- PROBLEM DESCRIPTION -
For this exercise, retype the lines from the one that holds "Рис. 4 Общий" through the one that holds "Quesera de Bravo" in the records below, both included, exactly and without pictures.

[Data excerpts]
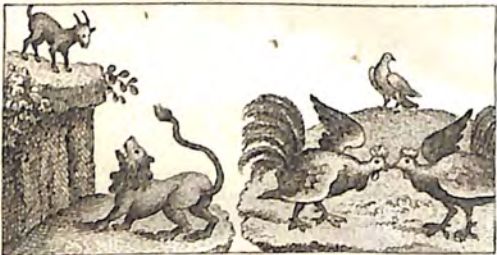
Ծ՛՞՛ Առ իւծ և Ու՛ւ՛ : Ծ՛՞՛ Կարաւ և Աքաղաղ։
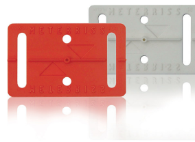
RS10 Meterriss-Plakette, für Baustellen ohne Putzarbeiten
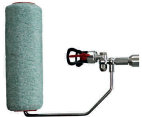
Spritzen und Rollen in einem Arbeitsgang: Der SprayRoller ist das ideale Werkzeug, um große Wandflächen rationell zu beschichten
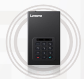
Disque dur sécurisé Lenovo pour ordinateur de bureau
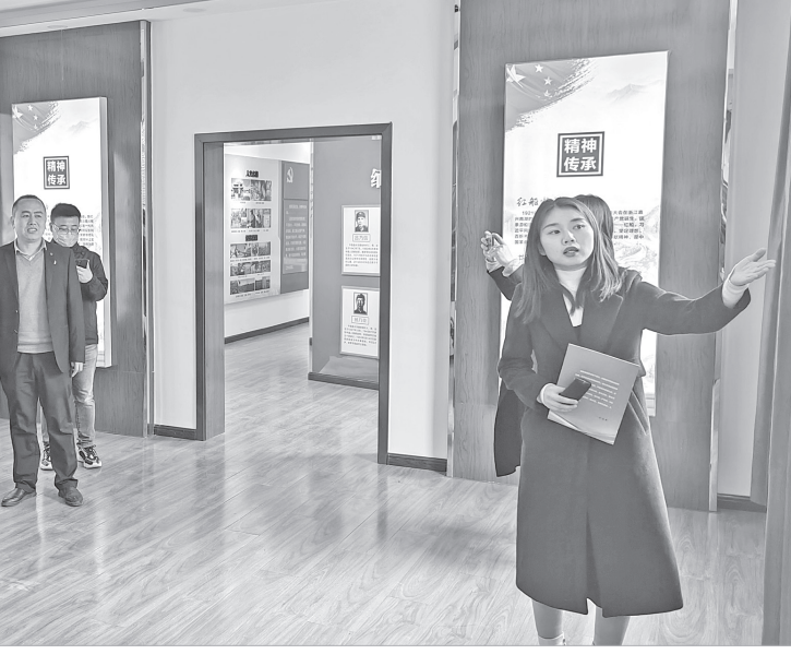
千阳县纪检监察干部到水沟镇党性教育基地开展廉政教育

常态化开展廉政教育,实现社会风气向上、向善、向廉。“我们组织编排廉政主题小品《送礼》、小戏《三打油葫芦》等优秀剧目,参加陕西省第九届小戏小品展演活动。”千阳县纪委监委相关负责同志说,创排的廉政秦腔历史剧《金麒麟》,已在全县演出10场次,清廉文化正不断融入千阳千群的生活当中。
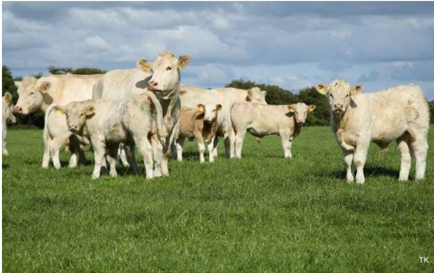
Slika 4. Charolais krave s teladi

U Republici Hrvatskoj su u 2015. godini registrirane 1385 krave pasmine charolais.
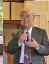
レクチャーplus No.11 「自然との共生 ～日本文化の中核思想～」 松浦晃一郎氏
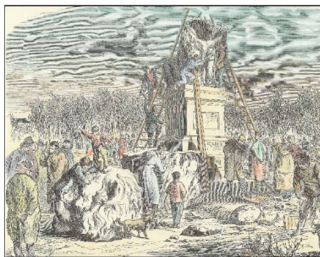
Nedrivningen af Istedløven på den gamle kirkegård i Flensborg i 1864 (litografi).
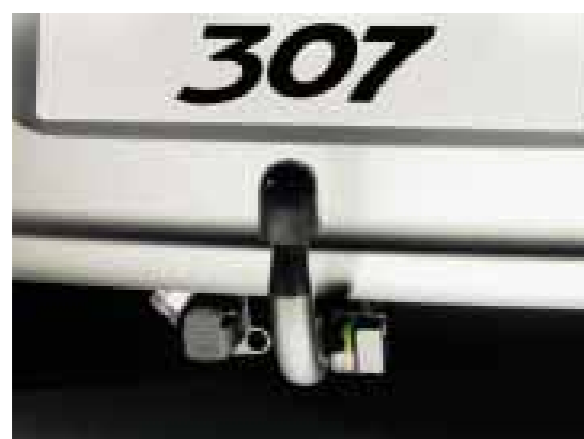
» Attelage à rotule démontable sans outil

Comment prendre des kilos tout en gardant la ligne ?
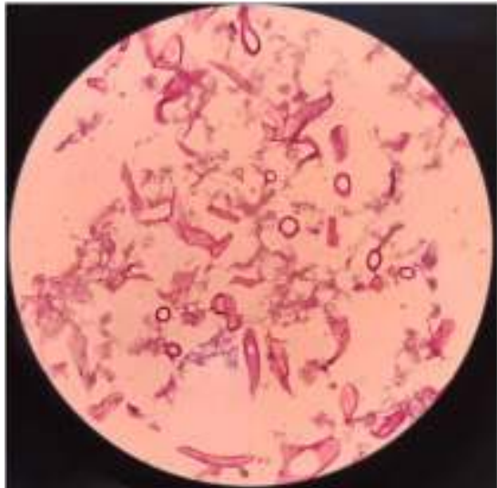
هیستولوژی: مقاطع طولی و عرضی هایفای سنوسیستیک در زیگومایکوز

ارگانسیم در بافت به صورت هایفی بدون دیواره عرضی (coenocytic) یا معمولاً با تیغه‌های عرضی به طور پراکنده، نامنظم و پهن به قطر ۱۵ تا ۲۰ میکرون و با انشعابات جانبی کوتاه و بدون انشعابات دو شاخه‌ای (دیکوتوموس) دیده می‌شود. کشت با کمک سوآب از سینوس‌های عفونی ممکن است منفی باشد. Chandler و همکاران تشکیل کلامیدوکونیدی‌ها در بافت را در ۴ مورد از زیگومایکوز ناشی از آبسیدیا و یا گونه‌های رایزوپوس گزارش کردند. نتیجه منفی کشت از بافت احتمال زیگومایکوز را رد نمی‌کند و یا حتی این احتمال را کاهش نداده یا بی ارزش نمی‌کند. نمونه‌های بافت باید به سرعت با گوموری متنامین سیلور (GMS) و یا همتوکسین - ائوزین (H&E) رنگ آمیزی شوند.
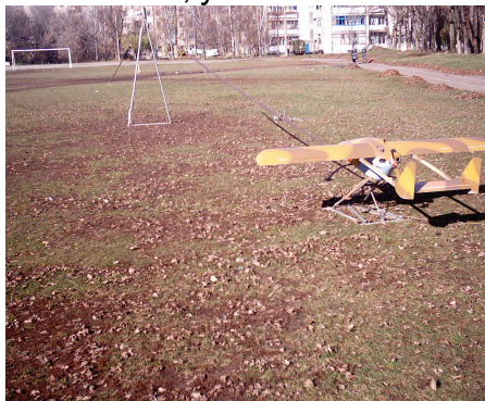
Рис. 4 Общий вид двухшнуровой катапульты с БЛА «ХАИ-112»

На рисунках 4 и 5 представлены фотографии беспилотного летательного аппарата «Бекас», установленного на двухшнуровую резиновую катапульту
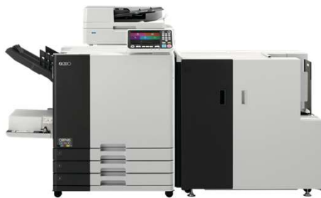
ORメーリングフィニッシャー II
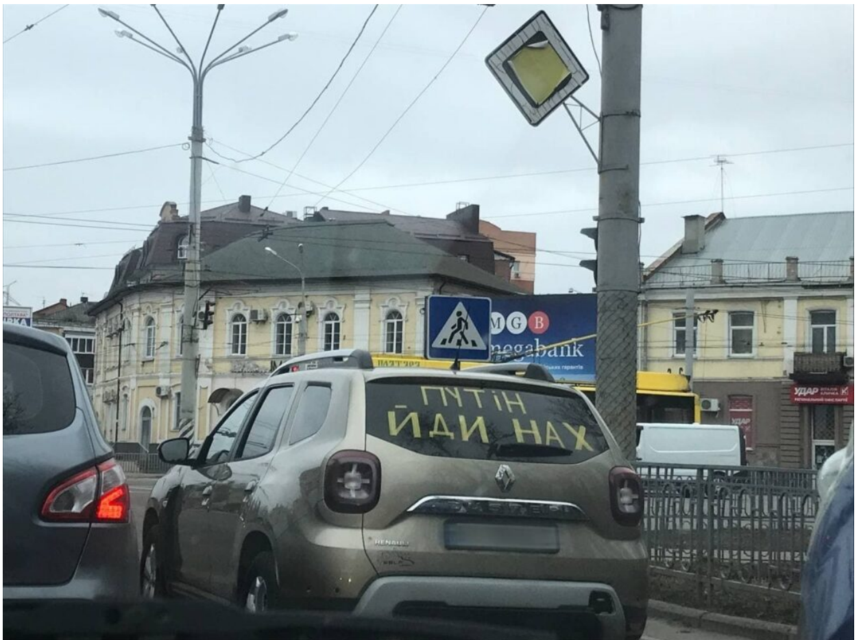
Фото – «Ми готові. Полтава»
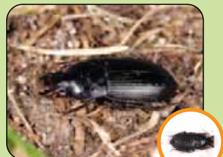
Harpalus dimidiatus 10 à 14 mm
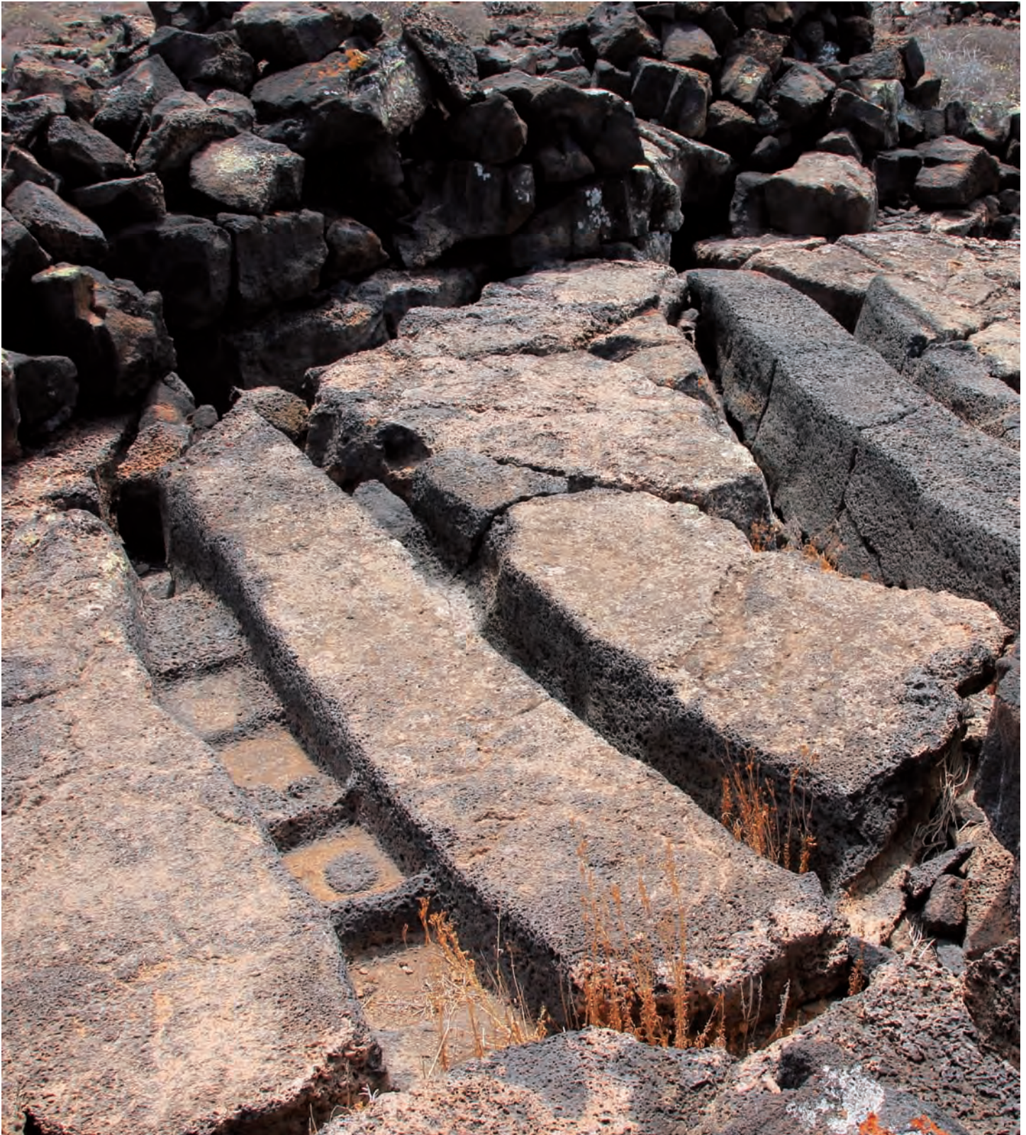
Quesera de Bravo

Los restos artesanales con menor presencia son los útiles óseos , casi siempre huesos alargados (de origen caprino, ovino y porcino). Estos huesos se pulían para hacer los objetos cortantes y punzantes.
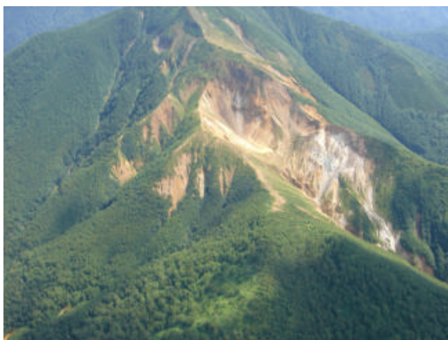
北側上空から撮影した丸山

8月24日に北海道開発局の協力を得て実施した上空からの観測で、北西斜面に連なる火口列(第1火口、第2火口、第3火口)の状況は、これまでと比べて特に変化は見られませんでした。現在は第3火口のみで地熱活動が続いていますが、今回の観測では噴気は認められませんでした。赤外熱映像装置*による観測では、第3火口で地熱活動に対応する高温域が認められました。それ以外の温度の高い部分は日射の影響によるものと考えられます。
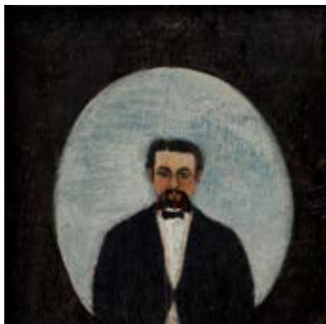
Huile sur bois, avec cadre H.41 ; L.38,5 cm Huile sur bois, avec cadre : H. 41 ; L.37,5 cm Musée de l'Orangerie, Paris Don de la SAMO avec la participation exceptionnelle de Mathias Ary Jan, 2024
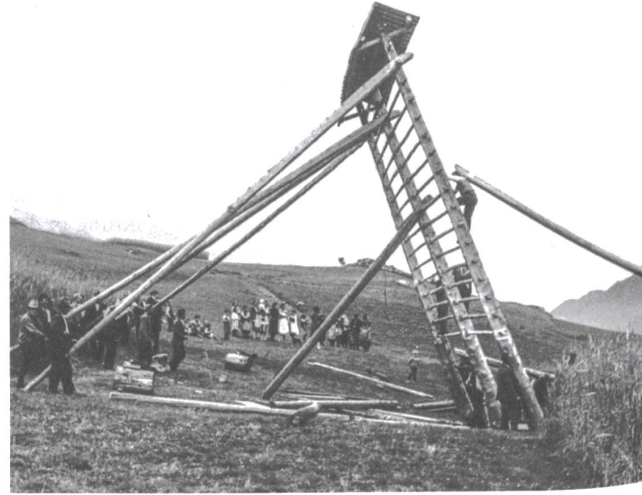
Aufrichten einer Kornhiste in Mompé-Tujetsch (1938).
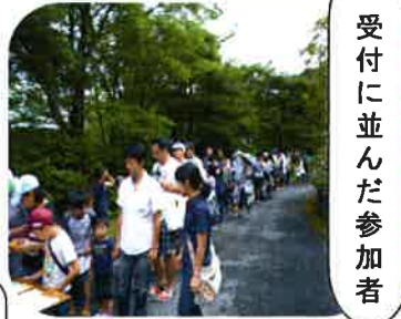
受付に並んだ参加者
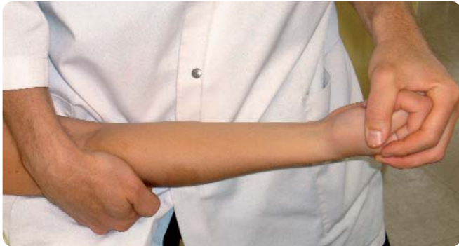
Figure 6. Mobilisation nerveuse proximale par extension du coude. Le pouce et les doigts sont maintenus fléchis.

La récupération de la mobilité des nerfs s'opère par étapes pour ne pas irriter le nerf médian. Nous recherchons un glissement du nerf par rapport aux structures anatomiques environnantes tendineuses et vasculaires et non par un étirement [3, 4]. À cet effet, les contraintes nerveuses sont diminuées par un positionnement adéquat des articulations adjacentes [5]. La mobilisation nerveuse proximale débute par une extension du coude, le pouce et les doigts sont maintenus fléchis
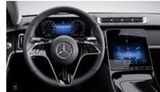
L2B - Volant cuir Nappa multifonctions Série
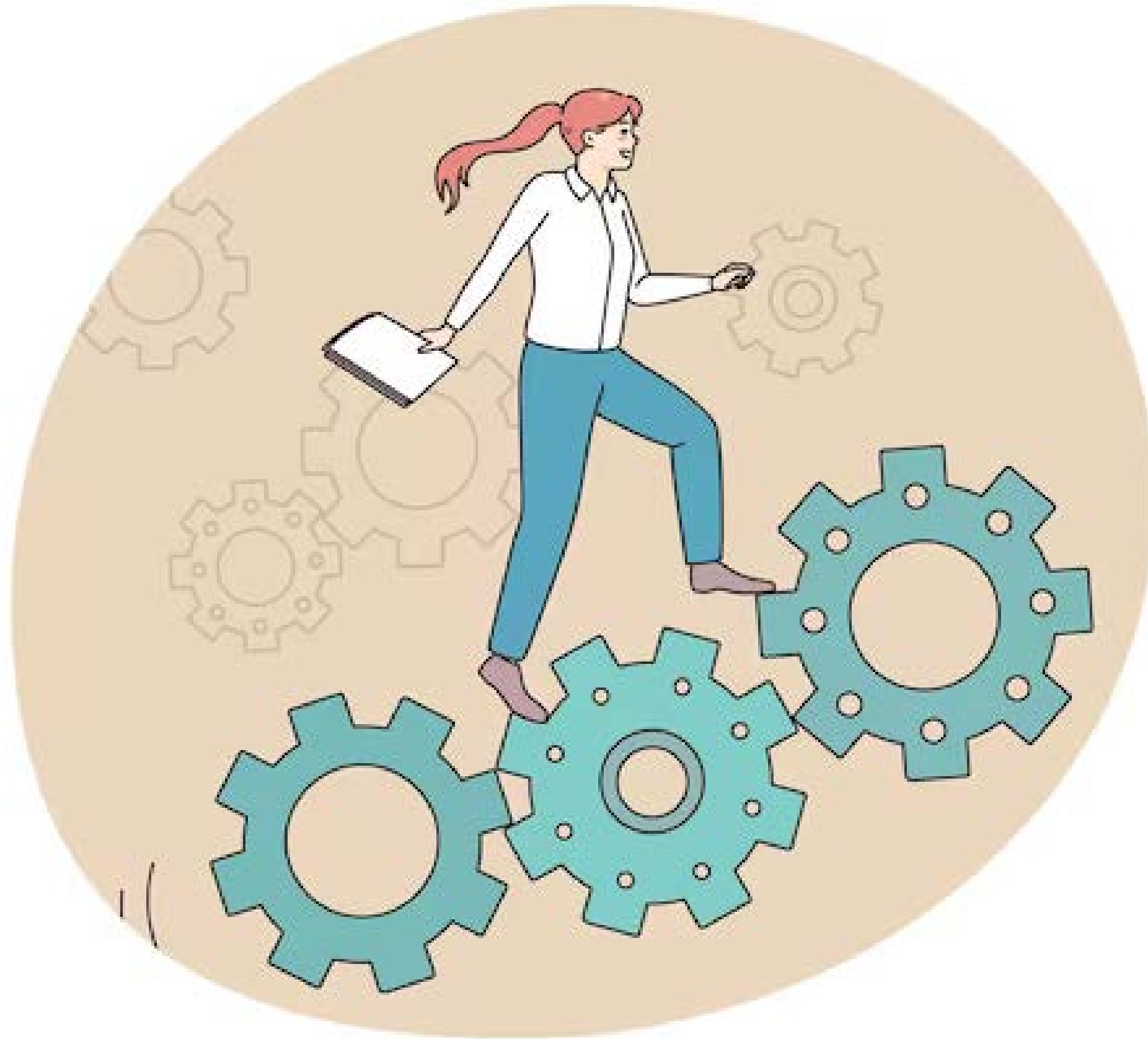
Abb. 8: Gelingen
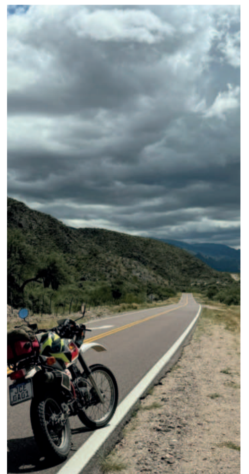
Rotas nacionais interligam diferentes regiões argentinas

Não sou um amante do vinho, mas também sei que não posso deixar de conhecer algumas vinícolas já que estou no meio delas. Sempre que passo por lá escolho uma e visito, provo um vinho e formo minha opinião. Desta vez não foi diferente: peguei a Vovozinha e rodei de um lado para o outro na missão de conhecer vinícolas e tirar fotos da viagem. Dia excelente.
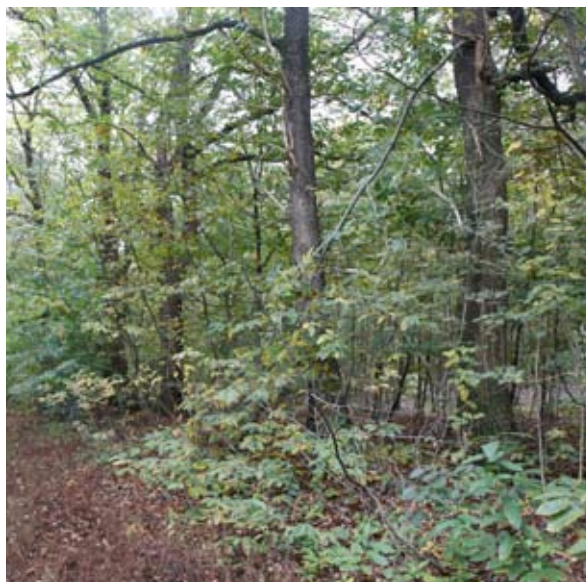
Eeuwenoude kastanjes staan in een rij op een historische wal

Er zijn vormen van landbouw die wel bijdragen aan een oplossing voor het verminderen van de CO 2 in de atmosfeer,
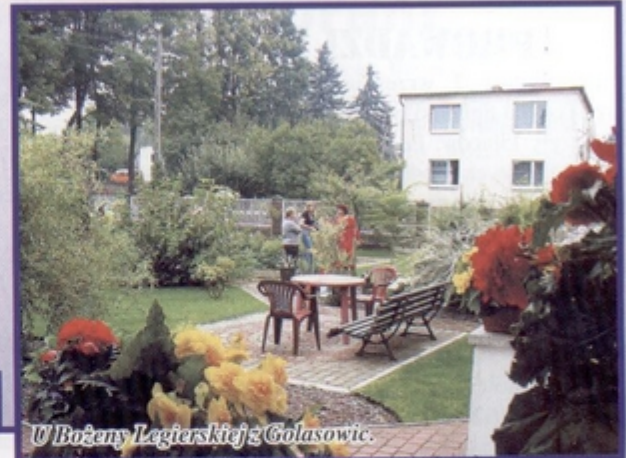
U Bożeny Legierskiej z Golasowic.
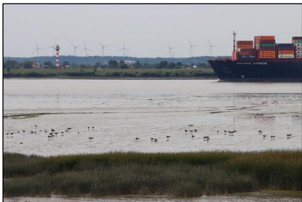
Rastende Graugänse im Watt der Wedeler Marsch

Im September verlassen viele Graugänse die Unterelbe westlich von Hamburg, wo viele von ihnen zuvor die Sommermonate verbracht haben. Es findet praktisch ein Wechsel statt, denn nun erscheinen dort die ersten arktischen Gänse, v.a. Bläss- und Weißwangengänse. Spannend ist, dass man zwar den ganzen Sommer über Graugänse entlang der Unterelbe beobachten kann, aber es sind nicht immer dieselben. Durch unsere Beringungen konnten wir feststellen, dass viele Graugänse nur zu bestimmten Zeiten bestimmte Rastplätze aufsuchen und sie dabei oft ziemlich mobil sind. Beispielsweise suchen viele Gänse im Juni nach der Mauser die Unterelbe auf, vermutlich um sich erstmal wieder zu stärken.

- PROBLEM SOLUTION -
Рис. 4 Общий вид двухшнуровой катапульты с БЛА «ХАИ-112»

На рисунках 4 и 5 представлены фотографии беспилотного летательного аппарата «Бекас», установленного на двухшнуровую резиновую катапульту
ORメーリングフィニッシャー II
Фото – «Ми готові. Полтава»
Harpalus dimidiatus 10 à 14 mm
Quesera de Bravo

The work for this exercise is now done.